Le Times mentionnait à l’époque un fait qu’aucun critique contemporain n’a jugé bon de signaler. «Le problème», soulignait le journal, pouvait être attribué à la soumission du gouvernement marocain, le 29 mai 1981, «aux pressions persistantes du Fonds monétaire international, qui au début de cette année a prêté au Maroc 1,2 milliard de dollars pour améliorer sa balance des paiements en déclin et pour ‘restructurer’ sa dette extérieure alarmante ». En réponse aux exigences du FMI, le gouvernement «a radicalement changé la vie de la plupart des Marocains: le prix du beurre a été augmenté de 76 pour cent, de la farine de blé de 40 pour cent, du sucre de 37 pour cent et de l’huile de cuisine de 28 pour cent.
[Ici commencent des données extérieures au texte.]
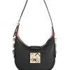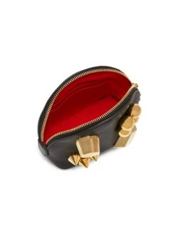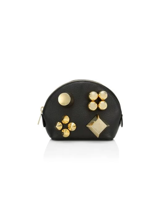 A mixture of oversized polished studs highlight this grained leather pouch.
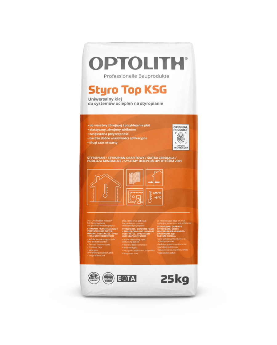 Optotherm StyroTop KSG przeznaczony jest do wykonywania warstwy zbrojonej i przyklejania izolacyjnych płyt ze styropianu (również grafitowego) w systemach ociepleń Optotherm. Wyrób, o cechach umożliwiających użycie na zewnątrz i wewnątrz pomieszczeń.
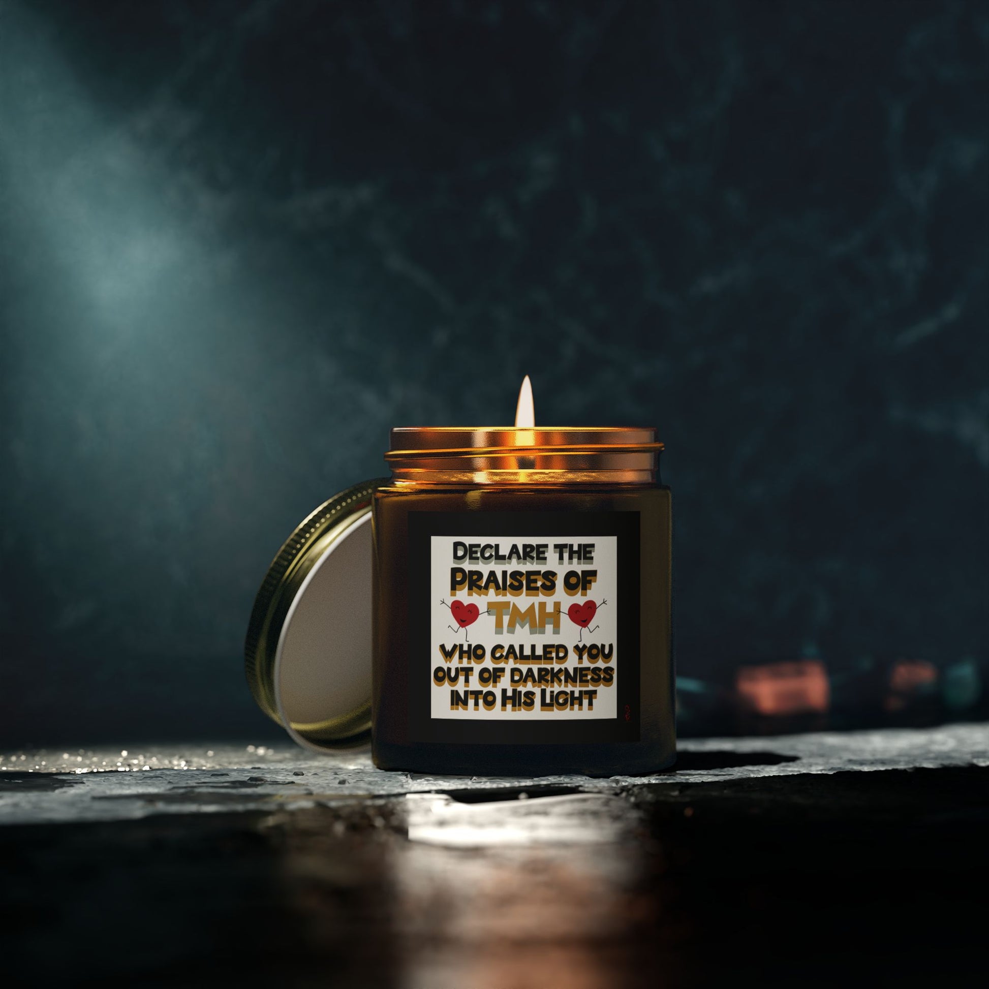 Declare the praises of TMH (The Most High) with every flicker and flame. This uplifting scented candle is a tribute to 1 Peter 2:9, reminding us of the One who called us out of darkness and into His glorious light. Whether you choose the elegant clear jar or the rich amber glass, each candle fills your space with warmth, truth, and a heavenly aroma.
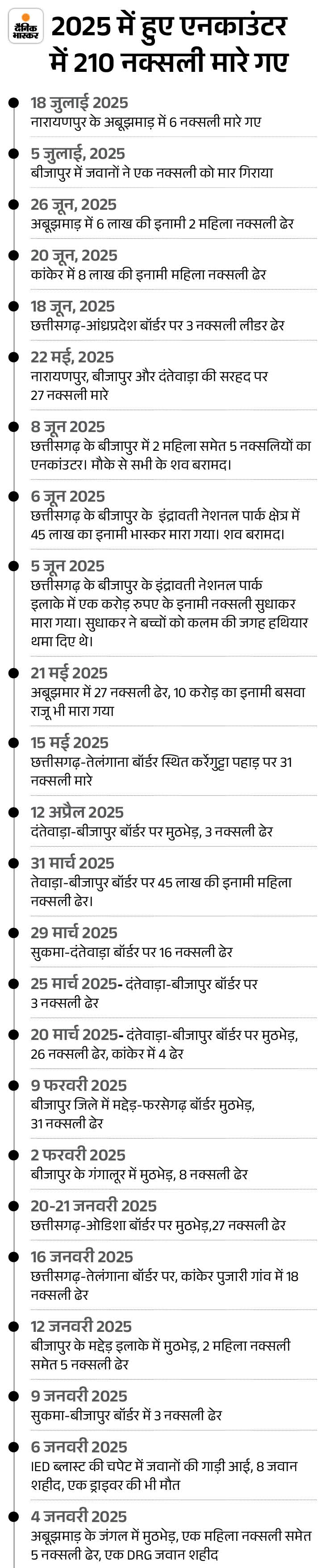 Bastar Range Inspector General of Police Sundararaj P. had said that the decisive lead we made in 2024 is being strengthened further in 2025. From January 2024 to July 2025, security forces have killed 425 hardcore Naxalites. This is a proof of our forces commitment, planned strategy and public cooperation.
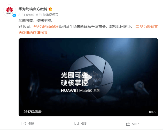 随着华为宣布了Mate 50系列将于9月6日正式发布,近日,在华为 Mate 50系列预热的宣传视频中,也正式宣布Mate 50系列将采用可变光圈镜头,并且搭载自成一派的影像技术,宣称“难以置信,Mate相信”。
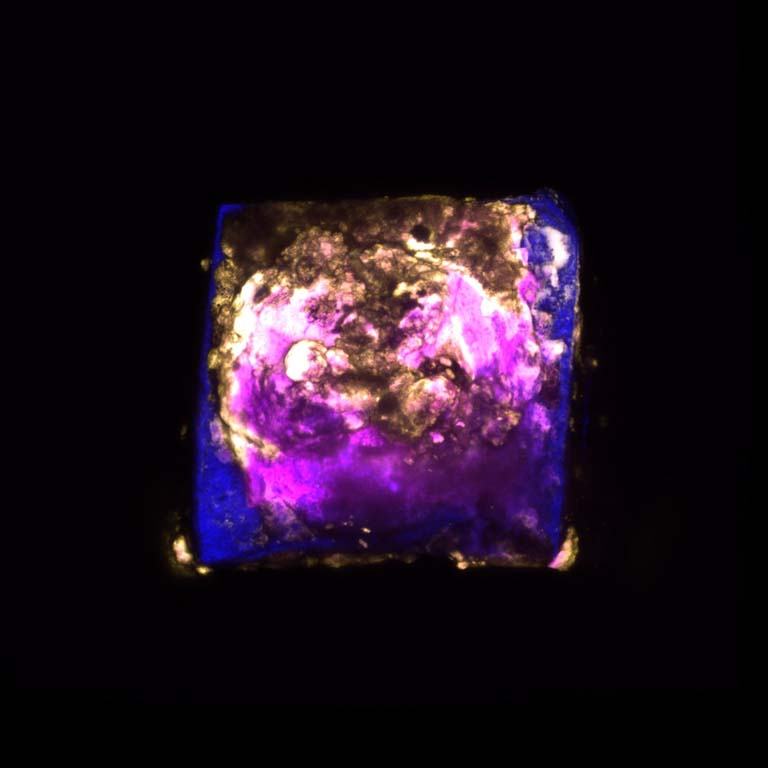 This is a 35 micron slice of a microparticle that was implanted under the skin of a mouse for one week before it was sectioned and imaged with a confocal microscope to study how the mouse’s immune system responded to it and whether there was any damage done to it. The microparticle was originally 300 x 300 x 100 microns, and it was constructed by a special microscale stamping, filling, and sealing process that was developed in the Langer Lab at MIT called SEAL (StampEd Assembly of Polymer Layers). It is an example of a “core shell” microparticle. The “shell” is comprised of a base and cap made of a biocompatible, biodegradable polymer called poly(lactic-co-glycolic) acid (PLGA). The hollow “core” of the microparticle can be filled with cargo such as vaccines or drugs. The microparticle is designed so that upon injection into the body, the PLGA will slowly degrade until eventually the cargo is released all at once. The time that it takes the polymer to degrade can be engineered to occur days, weeks, or even months after the microparticles are administered. Currently, these microparticles are being used to make single injection, self-boosting vaccines that can release their booster cargo at multiple timepoints in sequence many months after administration. They are also being used to deliver single injection, timed-release cancer therapeutics.

Le FMI avait insisté pour que le gouvernement réduise les subventions alimentaires ».

Le Times notait que

Près des deux tiers des 3,5 à 4 millions d'habitants de Casablanca vivent dans des cabanes en tôle ou en terre ou dans d'autres habitations improvisées. Cette année, la pire sécheresse depuis plusieurs décennies a poussé chaque jour environ 1 200 paysans pauvres à quitter la campagne pour chercher refuge chez des proches. La ville connaîtrait une croissance de 5,2 pour cent par an. L'appel à la grève du 20 juin a été le prétexte qui a déclenché la colère accumulée dans la ville.

Asmae El Moudir

L'un des voisins de la famille Moudir, Said Masrour, a participé au tournage. Il a passé plus de 13 ans en prison pour son rôle dans les manifestations.
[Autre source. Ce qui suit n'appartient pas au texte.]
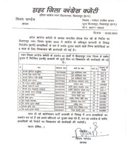 इसके अलावा, जिला कांग्रेस कमेटी (ग्रामीण) ने भी संगठन विरोधी गतिविधियों में संलिप्त आधा दर्जन से अधिक नेताओं को पार्टी से बाहर का रास्ता दिखा दिया है। कांग्रेस का यह सख्त कदम यह संकेत देता है कि पार्टी अनुशासनहीनता को कतई बर्दाश्त नहीं करेगी।
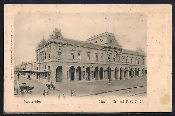 AK Montevideo, Estacion Central F. C. C. U., Bahnhof
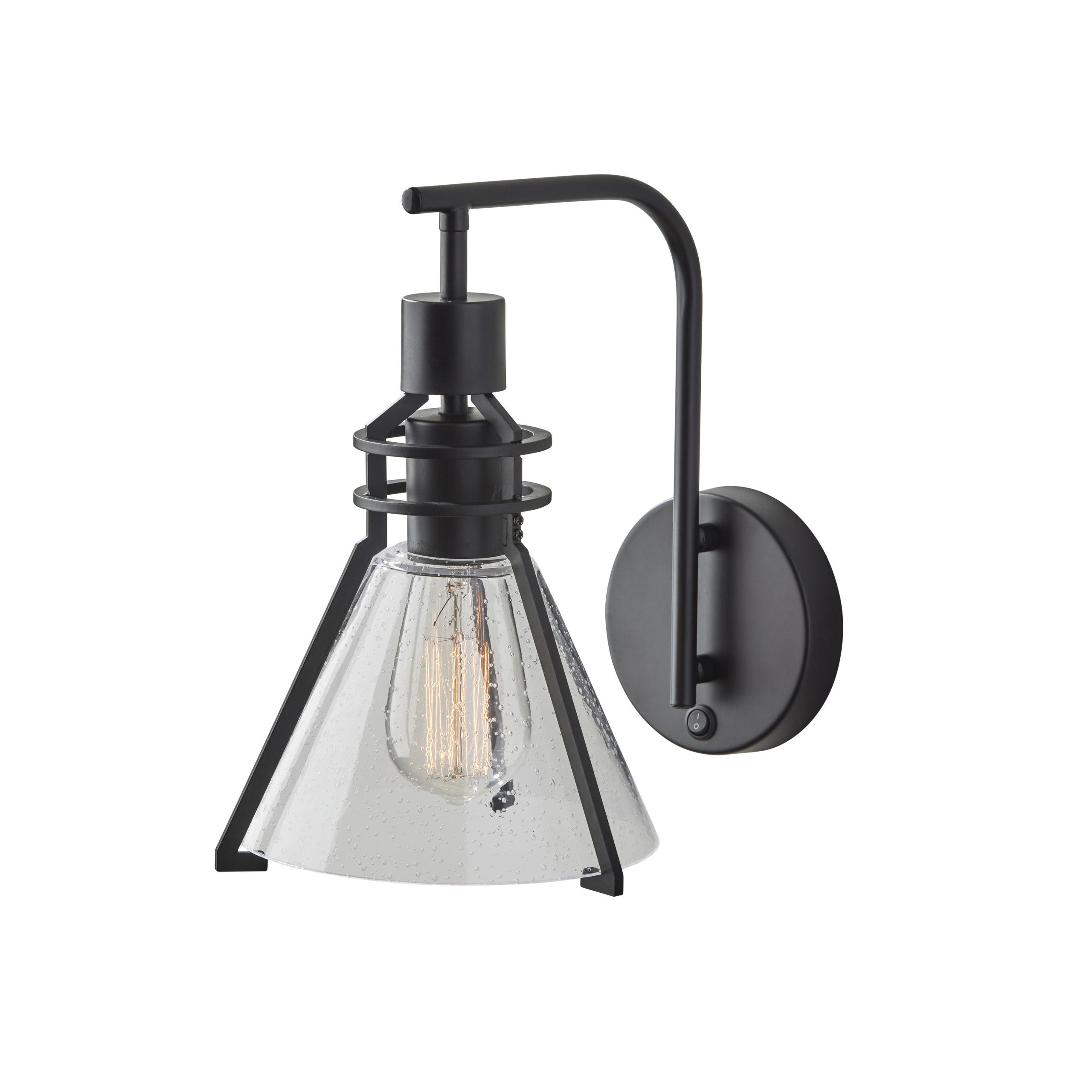 Defined by elegant lines and a blend of modern and vintage styling, the Beckett lamp adds a polished look to your wall. For décor-enhancing symmetry, pair two of these sconces on either side of beds, fireplaces, or mirrors or place individually in entryways or other spaces for a pop of light. The metal shade frame in black finish consists of three arms that secure an inverted cone-shaped shade of clear, seeded glass. For a distinctive vintage look, the clear shade leaves the included 60W Edison bulb visible. To easily turn the lamp on or off, a rocker switch is located on the round black metal wall plate. This item is also compatible with wall dimmers if needed. Complete your space’s look with the coordinating Beckett floor lamp, desk lamp, and pendant lighting.Read More

L'autre voisin impliqué dans la réalisation du documentaire, Abdallah Ez Zouid, un jeune homme en 1981, fut enlevé le 20 juin 1981 par des soldats. Il ne sait toujours pas pourquoi, il n'était pas impliqué dans les émeutes de la faim.

«C’était un samedi», explique Abdallah. «Ma vie s’est terminée ce jour douloureux.» Il se souvient avoir été battu par une rangée de soldats, puis jeté avec d’autres dans une cellule minuscule, «sans ouverture». Au bout de dix minutes, il avait du mal à respirer. «Aidez-moi, aidez-moi!» Abdallah a passé deux heures dans cet enfer. Il a dû ramper sur un tas de corps, d’où montaient de la chaleur et de la vapeur. Il a réussi à sortir et s’est effondré. Un soldat lui a demandé de l’aider à sortir les corps, 36 d’entre eux, comme des carcasses de moutons. Il a dit au soldat: «Tuez-moi si vous voulez», mais il n’a pas voulu le faire. «Je ne veux plus me souvenir de ça. Ils m’ont détruit.»

Si La Mère de tous les mensonges ne contenait que cette seule séquence, le film vaudrait la peine d’être vu.